Well, I'm encouraged. Sounds like your doctor has the knowledge to get you through this and God has everything else. Hang in there. a lot of people are praying for you.

makescoffeenervous said...

Dear Sheila,

Thank you so much. You are such a blessing.

jannah criselle said...

hi! i'm cj, that girl who greeted you at dr. aleta's office, we will do iui this week, i had 2 miscarriages (both july and december last year). we plan to have a booster if our iui is successful just to be sure...we can chat sometime if you have a facebook account (cjmidel-wong) or ym account (cjmidel_79) at least we both know that we're not alone...

makescoffeenervous said...

hi cj! :)

i'll add you up on facebook and will pray with you on your iui.

thanks for saying hi to me that day. that was just a few days after i found out that we were going to miscarry again. our third.

it does feel better when you know you're not alone.

jannah criselle said...

thank you lara...anyway, if you have time, you and your husband can go to Baclaran church at least once a week (not necessarily wednesday because its novena day the church is very crowded) we (me and my husband) go there every tuesday after his basketball game. i will also pray for you.

makescoffeenervous said...

thank you, cj! keep me posted!

mel said...

Hi, starting with LIT. We had our first session yesterday and it went well.
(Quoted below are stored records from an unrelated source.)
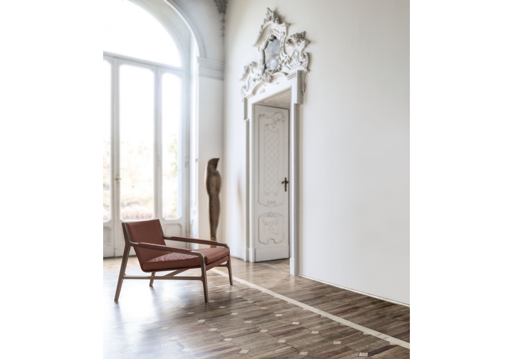 Margot firmata da Giuseppe Bavuso per Alivar è una poltrona realizzata con struttura in massello di frassino verniciato o di noce nazionale. Monoscocca in lamiera forata verniciata, rivestita in pelle con inserto in gomma poliuretanica. Cuscino seduta in gomma poliuretanica e fodera in fibra di poliestere, rivestito in pelle. In tessuto su richiesta.
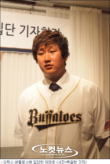 한국의 간판 타자 이대호(28)가 일본프로야구 오릭스의 유니폼을 입었다. 이대호는 6일 부산 웨스턴조선비치호텔에서 오릭스의 오카다 아키노부 감독, 무라야마 요시오 단장이 참석한 가운데 입단을 공식 발표했다.
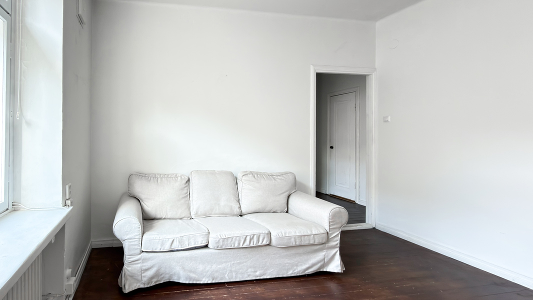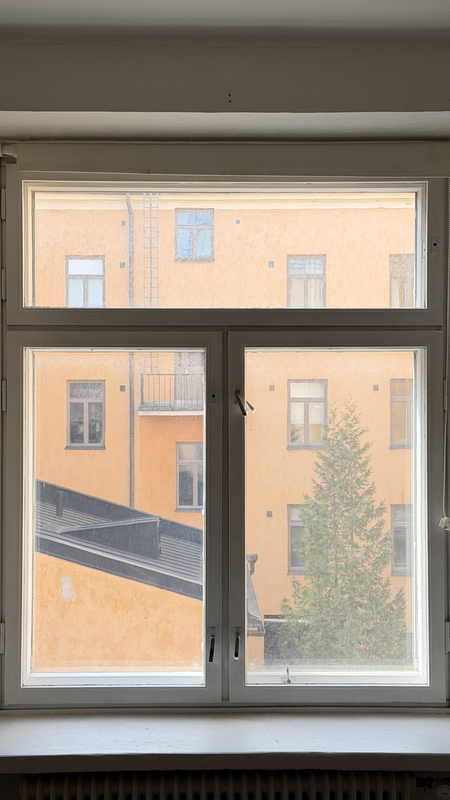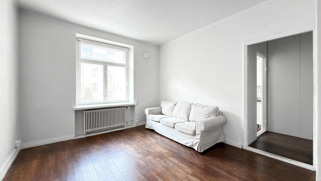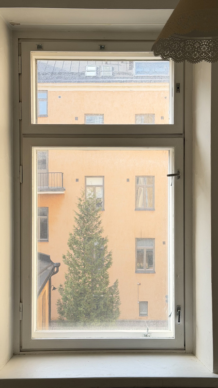 Asunnon huone on tilava ja helposti sisustettava, ja korkea huonekorkeus tuo tilaan avaruutta ja arvokkuutta. Ikkunoista avautuvat rauhalliset näkymät sisäpihalle, mikä tekee asumisesta miellyttävän hiljaista keskellä kaupunkia. Eteisessä on lisäksi runsaat kiinteät kaapistot, jotka tarjoavat hyvin säilytystilaa.
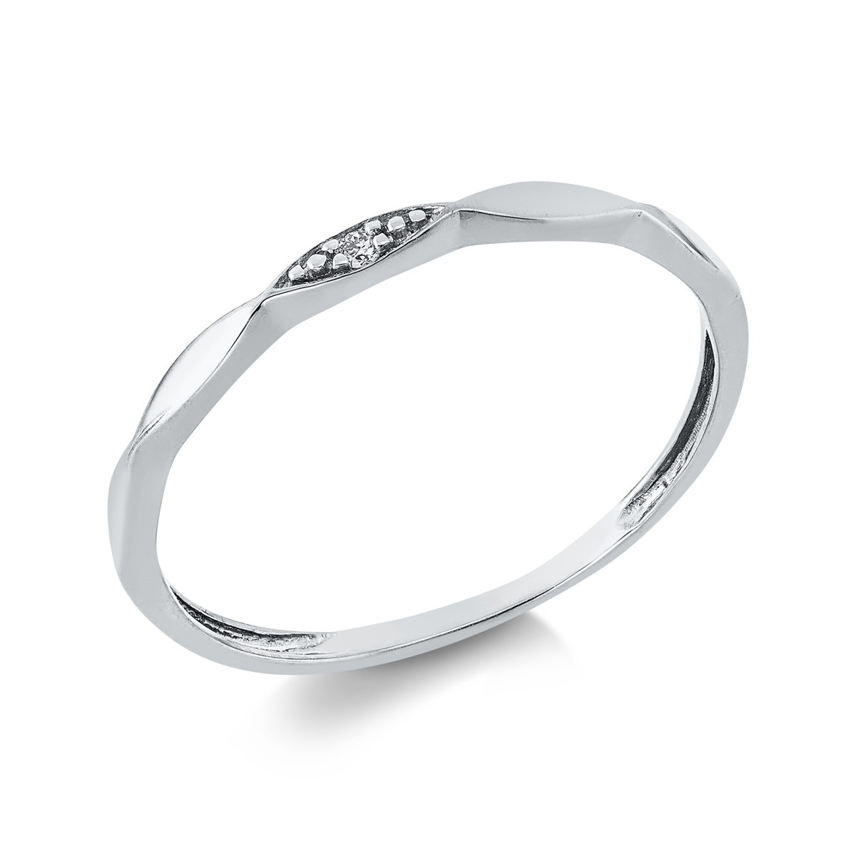 Ring 18 kt GG, Fassung rhodiniert, 1 Brill. 0,02 ct, TW-si, Weite:54
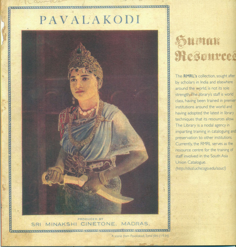 The conference will be divided into six sessions over two days and the first few sessions shall look at a broad historical framework for understanding the emergence of Tamil cinema in the 1930s. Some of the sessions will address questions surrounding the social and cultural conditions that shaped the creation of Tamil cinema and how, in turn, the new medium altered its surroundings. Later sessions will evaluate the existing historical resources—oral histories, print, audio recordings, and films—mapping how these can be used to rethink the early period of Tamil cinema. And finally, there will be a session bringing together public archivists and private collectors to discuss early Tamil film materials and their role in shaping a national agenda for preserving India’s film heritage. The film preservation officer from the state-funded National Film Archives of India will also participate in the conference, enabling much needed dialogue between the state archive and other stakeholders. The conference shall target members of the film industry, archivists, collectors, and the academic community. RMRL will also publish the papers to be presented at the conference. Along with the conference papers, the academic publication shall draw on the rich visual material of RMRL’s collection. The publication will contain a complete filmography of Tamil films from 1930 to the present, and shall serve as a basic reference for further research.
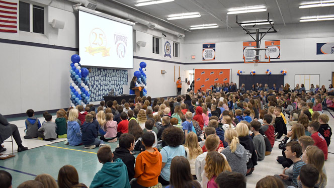 The school’s 25th anniversary has coincided with it being named a 2024 National Blue Ribbon school. Principal David Hardenburgh and the Chandler Woods staff celebrated the honor Monday, Nov. 18, with an assembly to thank the students and parents for all they have done to make the school a success for so many years.
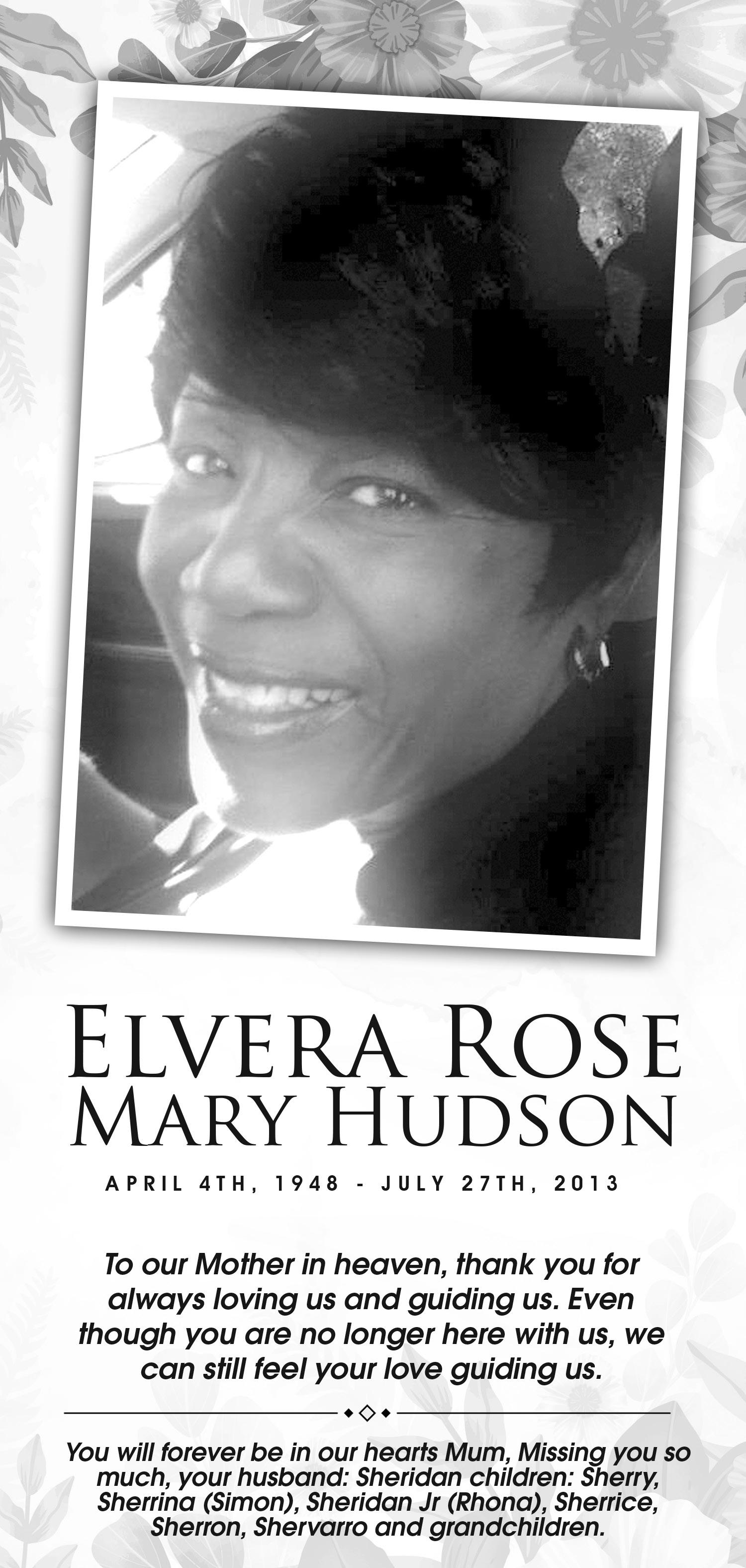 She is survived by her children: Vernita, Stephanie, Edward and Emerika; adopted daughter: Anita; sisters: Maud, Shirley and Nancy; grandchildren: Darren, Giles, Gaileyn, Gabrielle, Abigail, Daniel, Sage and Tobias; great grandchildren: Khaled and Kailen; numerous nieces and nephews and a host of other relatives and friends too numerous to mention.

My arm felt bruised after and its already starting to itch (though not very itchy, its still tolerable). I just had a hard time taking a bath. I was also able to talk to Kuya Reggie, he asked what my case was, told him that I had two miscarriages already and that my pregnancies were all naturally conceived, he smiled and whispered to me that its good news because the woman who came after me also have problems conceiving. Anyway, we're still blessed, that's what I always tell myself. I hope we'll all be succssful in our baby making project. I'm also praying for you and for the other women who's experiencing the same =)

makescoffeenervous said...

Hi Mel! By now I think you've removed your bandage. :)

It's tough taking a bath, I know! I wrap my arm in plastic and seal it with packing tape. My husband helps me take a bath. :)

We will be fine. Will pray for you as well.

Take care and keep in touch!

Sheila said...

I stumbled upon this blog searching for fertility doctors. I have been having problems conceiving for 2 and a half years. Baby-making has been such a struggle. I was in the US last year and the doctor I last met told me i needed an IVF and an IVIG . The terms were all alien to me and I got scared and i didn't push through. Im back here in mnl and trying to deal with it again. so hard to deal with this thing and no one to share it with. Nice to know that i've found confidence reading this and Im not alone. I have to read your current blog to know your updates. It feels good to let it out here. Thanks for sharing.

makescoffeenervous said...

Hi Sheila!

Sorry I just read your comment. I've been so busy taking care of the baby that I've neglected this blog.

Hoping you will find the courage to try again!

Let me know if I can help you in some way (doctor referral, etc).

Zen said...

Hi i love reading ur blog. I Have 2 miscarriages and I'm so scared and traumatized with the experience. Can i add you up on facebook?

makescoffeenervous said...

Hi, Zen!

Sorry to hear about your miscarriages. I hope you've found a good doctor to help you.